::: RECORDS SUPPLIED :::

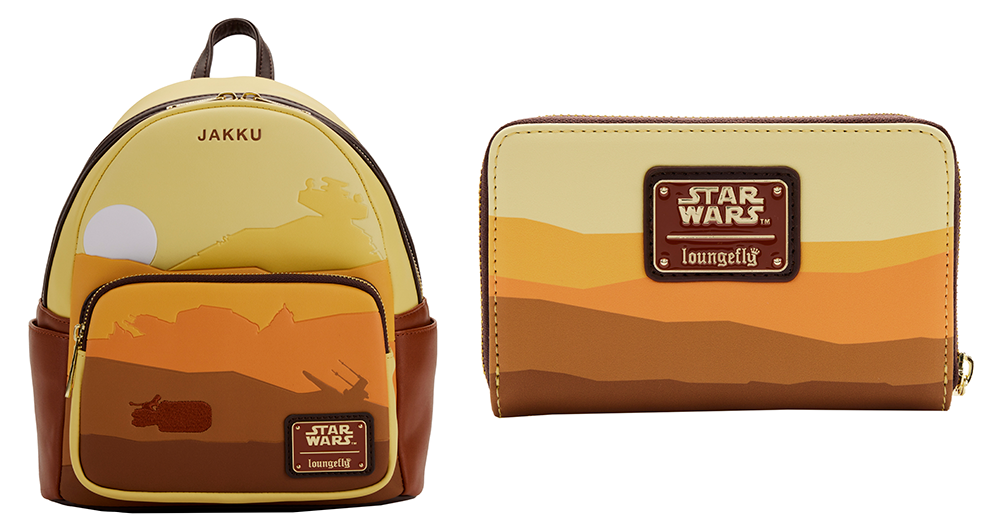 Next, Loungefly revealed two items in a “Star Wars: Lands Jakku” set: a mini backpack ($75) and a wallet ($40). These items have a brown, orange, and yellow color scheme, and feature a pattern inspired by Jakku’s landscape. Beginning May 4, fans will be able to sign up to be notified when these items become available.
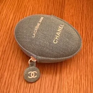 CHANEL oval denim pouch with gold logo lettering. Compact design for small essentials. Zippered closure with branded pull. Stylish accessory for everyday use.
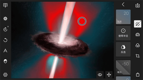 借助笔刷功能,能够手动描绘出需要调整的区域,所有调整操作都仅对这些区域生效。在选择笔刷工具后,可用手指画出一片区域,绘制时会出现红色的标记区域,这些红色区域即为被选定的调整范围。
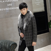 秋冬男装韩版毛修身大毛领千鸟格中长款呢子大衣青少年毛呢风衣
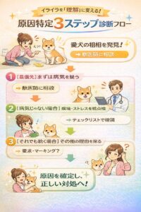 まずは、STEP1の病気の可能性をクリアにすることが最優先です。この記事のチェックリストを参考に、少しでも気になる点があれば、かかりつけの獣医師さんにご相談ください。
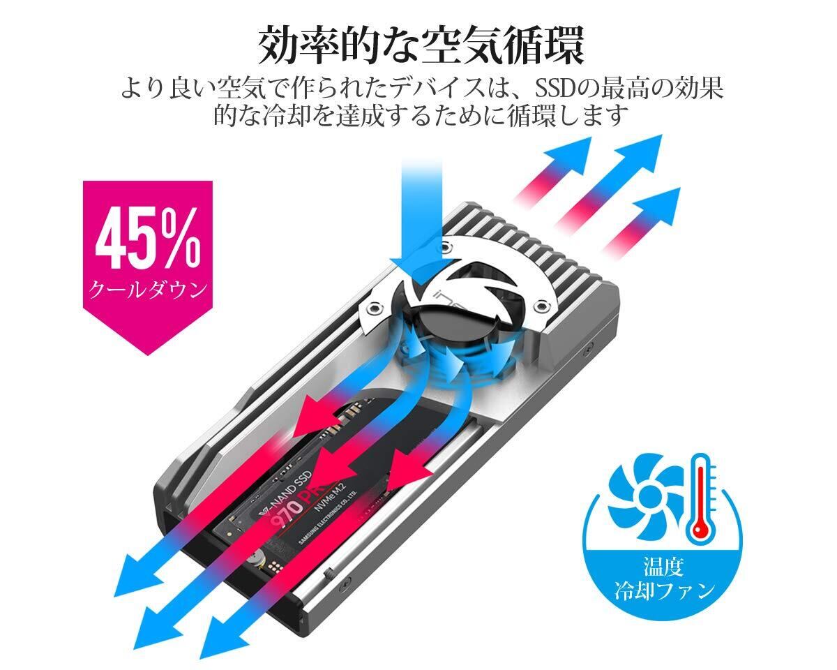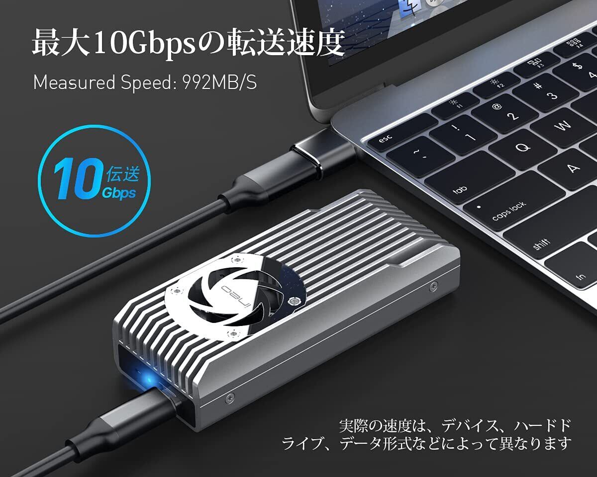 超高速10Gbps USB 3.1 Gen2転送速度、Mキー仕様およびサイズ2280、2260、2242、2230のM.2 NVMe SSDと広く互換性あり、シリコンサーマルパッドが貼りっておって、高速転送時の冷却を改善します。 M.2 NVMe / PCie SSD Mキーのみ、NGFF / SATA SSDをサポートしていません。
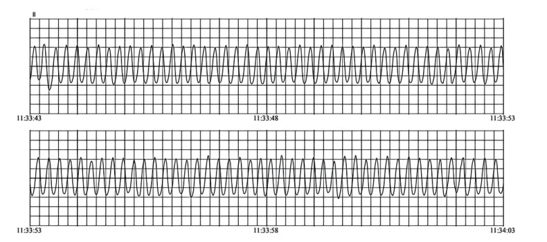 免疫治疗第60天,11:16患者因突发“心脏不适40 min ”拨打急救电话求助。救护车于11:20到达现场,经采集病史和初步评估后立即予以吸氧、建立静脉通道、第一时间全程心电监护,并启程转运。11:33途中患者突发意识丧失,颈动脉搏动消失,心电图示宽QRS心律(图 1),判定为无脉性室速(pulseless ventricular tachycardia, pVT)。急救医生立即给予360 J非同步电除颤一次,成功转复为窦性心动过速,心率150次/min(图 2),患者意识恢复,血压145/103 mmHg,11:38收入急诊抢救室。
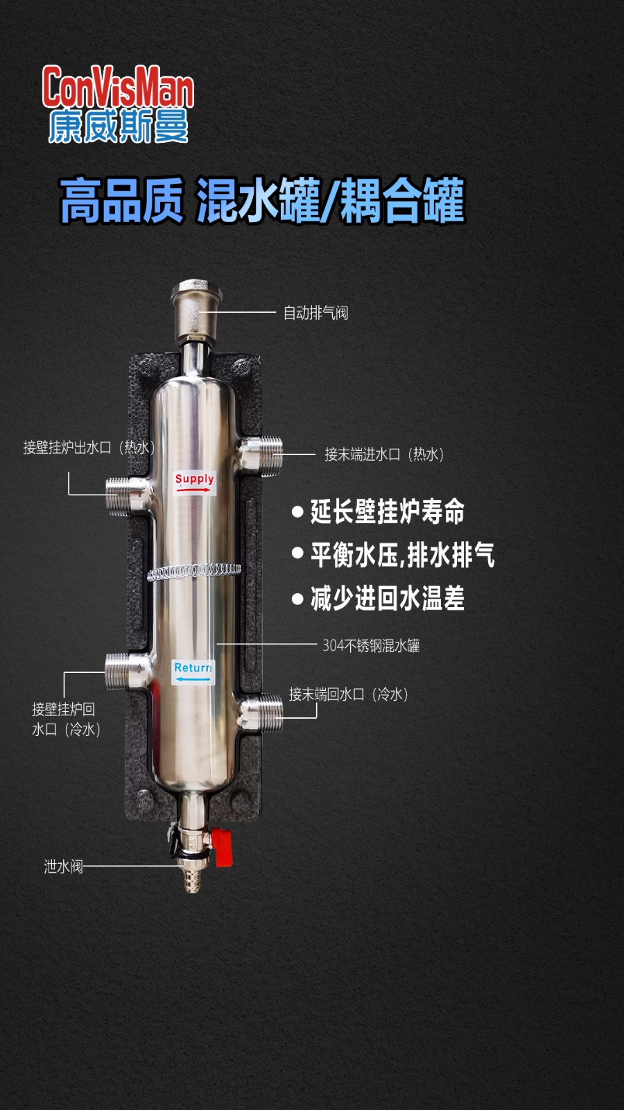 康威斯曼去藕罐 藕合缸:延长壁挂炉寿命,平衡水压,增加系统稳定性,形成二次系统的重要组成部分。
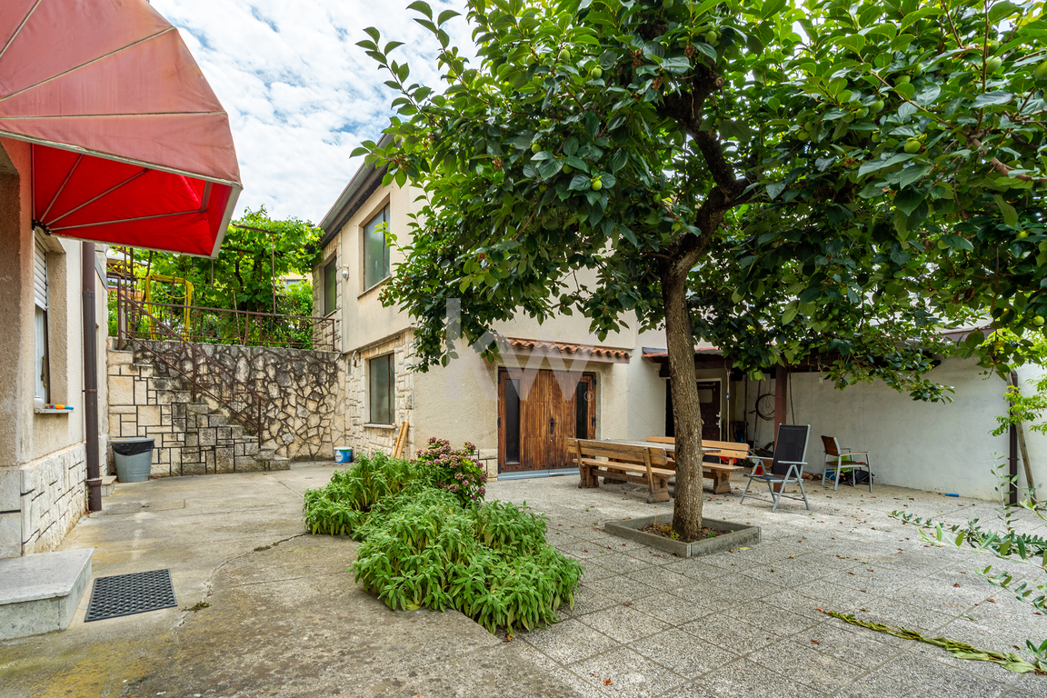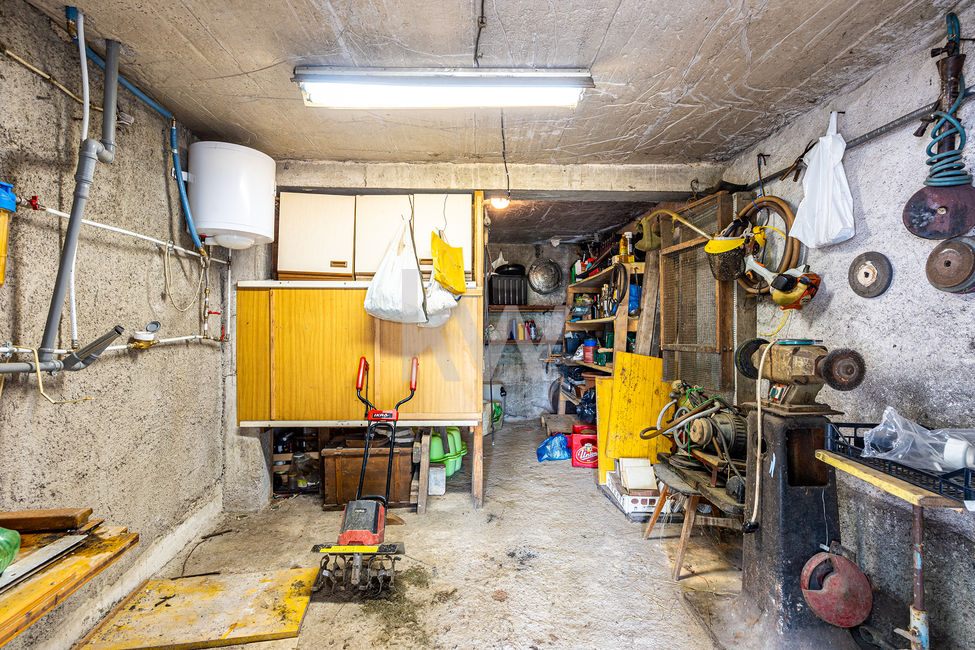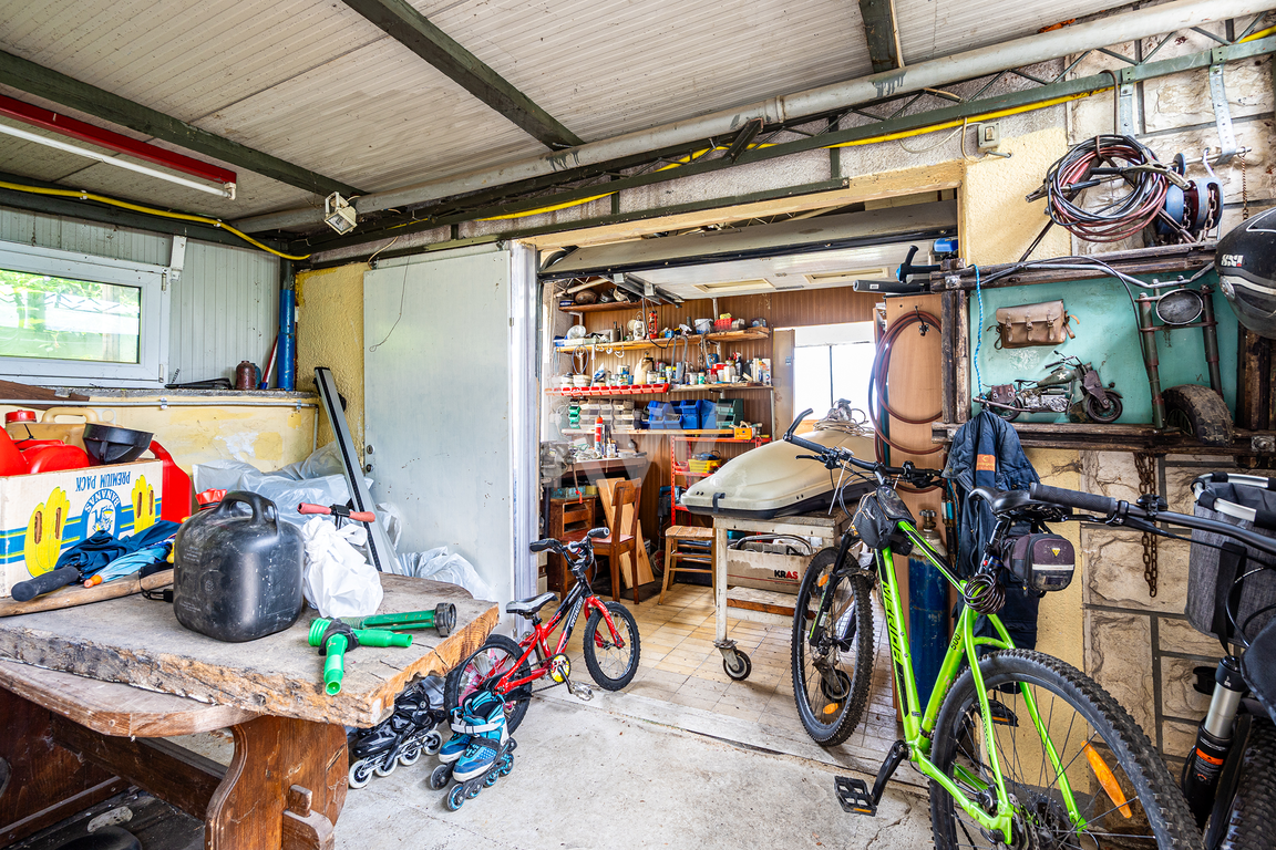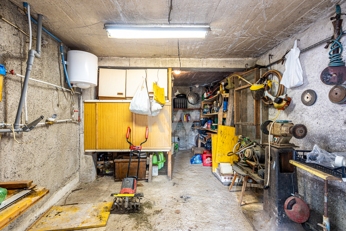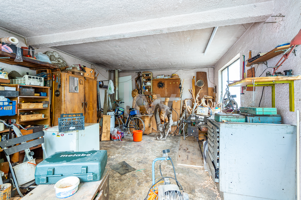 Ob hiši je tudi pomožni objekt v dveh etažah velikosti 76,80 m2. Trenutno služi kot delavnica, hramba in garaža.

:::

§ REQUIRED ACTION
Look above for the line with "CHANEL oval denim" and the line with "まずは、STEP1の病気の可"; set down those two lines and all lines between them exactly, without pictures and without anything else.

§ TASK OUTPUT
 CHANEL oval denim pouch with gold logo lettering. Compact design for small essentials. Zippered closure with branded pull. Stylish accessory for everyday use.
 借助笔刷功能,能够手动描绘出需要调整的区域,所有调整操作都仅对这些区域生效。在选择笔刷工具后,可用手指画出一片区域,绘制时会出现红色的标记区域,这些红色区域即为被选定的调整范围。
 秋冬男装韩版毛修身大毛领千鸟格中长款呢子大衣青少年毛呢风衣
 まずは、STEP1の病気の可能性をクリアにすることが最優先です。この記事のチェックリストを参考に、少しでも気になる点があれば、かかりつけの獣医師さんにご相談ください。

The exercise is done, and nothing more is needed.